Hmmm, it's strange that it's only coming on after a month in the package. If it was diacetyl created by the yeast then it would have been more obvious earlier as the yeast would have been slowly metabolising it the whole time - more time = less diacetyl.

Another option is an infection of one of the types of bacteria that creates diacetyl. 

A third option is that it's not diacetyl.

If you're confident of your sanitation I'd be thinking the third option.


----------



## Online Brewing Supplies (24/10/14)

Take a sample cover the top and leave it out overnight and have a good snip when its warmed up next day, should confirm or put your mind at rest.
Nev


----------



## fletcher (24/10/14)

verysupple said:


> Hmmm, it's strange that it's only coming on after a month in the package. If it was diacetyl created by the yeast then it would have been more obvious earlier as the yeast would have been slowly metabolising it the whole time - more time = less diacetyl.
> 
> Another option is an infection of one of the types of bacteria that creates diacetyl.
> 
> ...


super confident of my sanitation. i'm always my worst critic when it comes to my own beers and i scrutinise them. perhaps you're right, it's just some sort of flavour that isn't unpleasant but i just can't explain it any other way


----------



## indica86 (24/10/14)

Mmmm butter beer.


----------



## verysupple (24/10/14)

Online Brewing Supplies said:


> Take a sample cover the top and leave it out overnight and have a good snip when its warmed up next day, should confirm or put your mind at rest.
> Nev


Good idea.
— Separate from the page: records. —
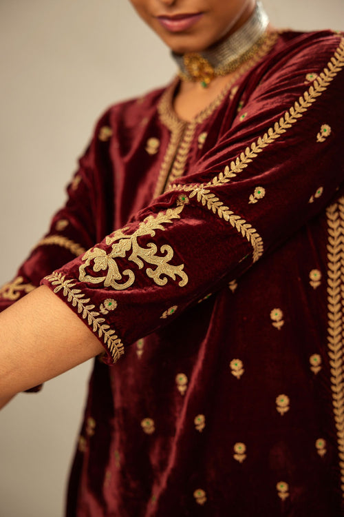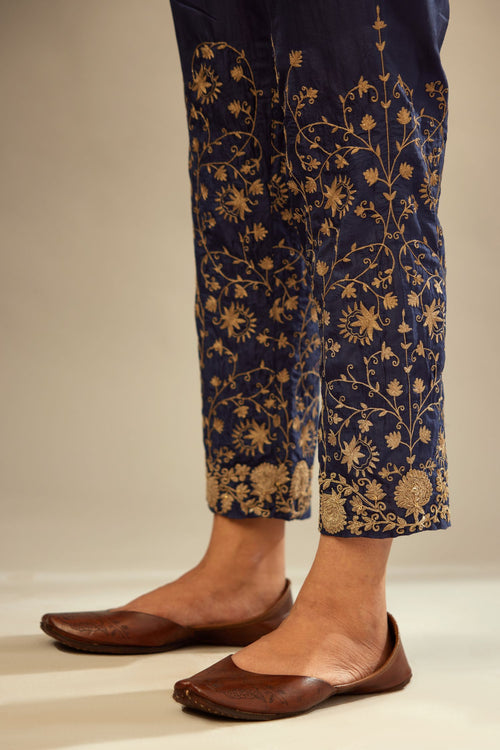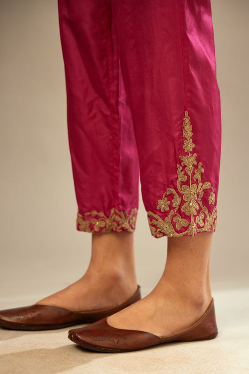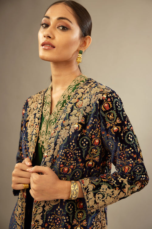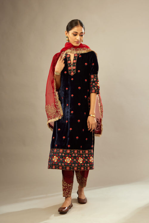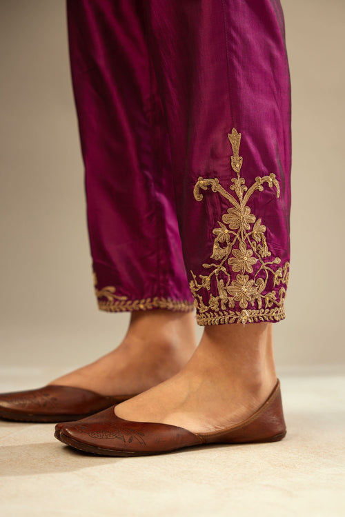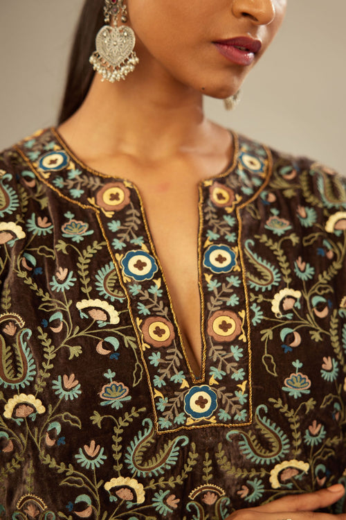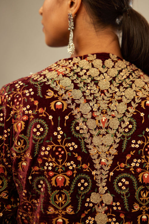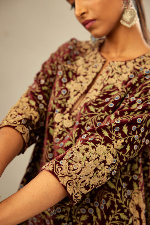 Olive silk organza dupatta detailed with all-over light gold dori embroidery.
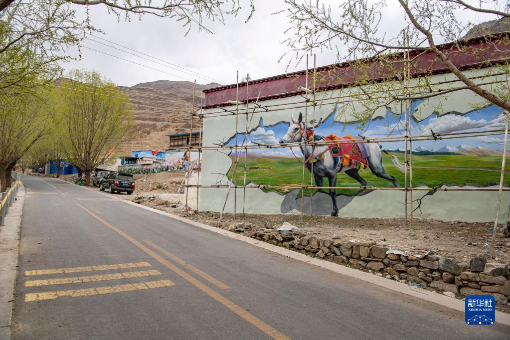 這是4月10日在拉薩市達(dá)孜區(qū)章多鄉(xiāng)恰村拍攝的墻畫。記者 晉美多吉 攝
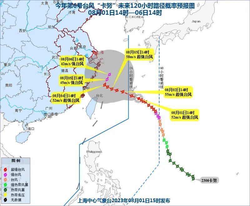 根据上海中心气象台预测,“卡努”台风中心将在今天(2日)上午进入东海,向浙江中部至福建北部一带沿海靠近。进入东海之后引导气流变弱,移速变慢,4至6日可能在上述沿海海面回旋少动。
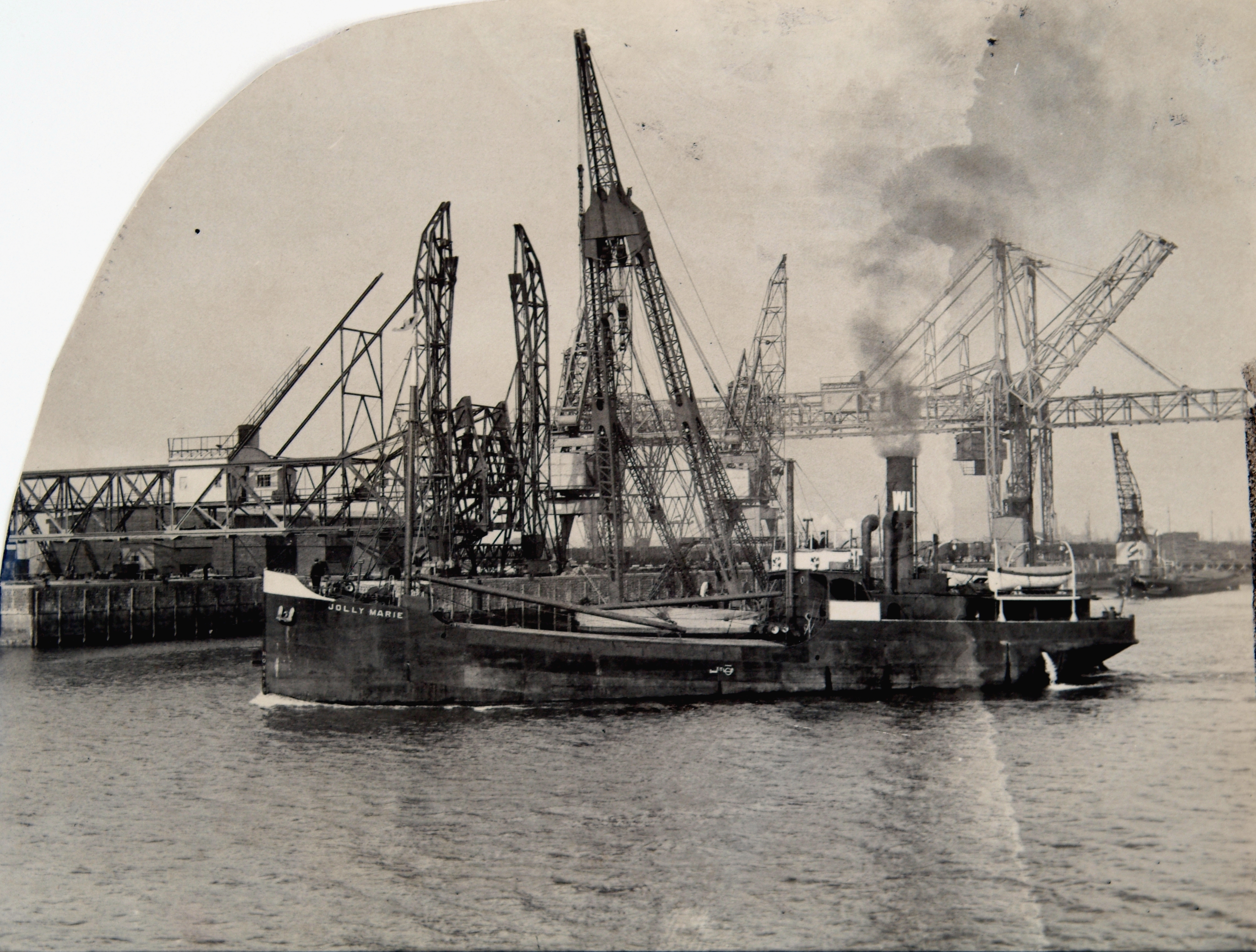 De "Jolly Marie" bij de loskranen in de Zeehaven. Met dit schip werd op 1 maart 1930 de …

Diacetyl will become more obvious at warmer temps. Nev's suggestion is pretty much a daicetyl force test and you should be able to tell pretty easily.


----------



## fletcher (24/10/14)

i'm new to kegging too, and it could also possibly be the beer that has been sitting in the line or my line just not being clean if it's had stale beer sitting in it after a while? inside the font? as in, i've poured a beer, tried it, poured another one and then left it for 2 days, then poured this one today. could the beer that's in the line somehow 'stick' to the line or somehow taint the beer coming through it from the keg?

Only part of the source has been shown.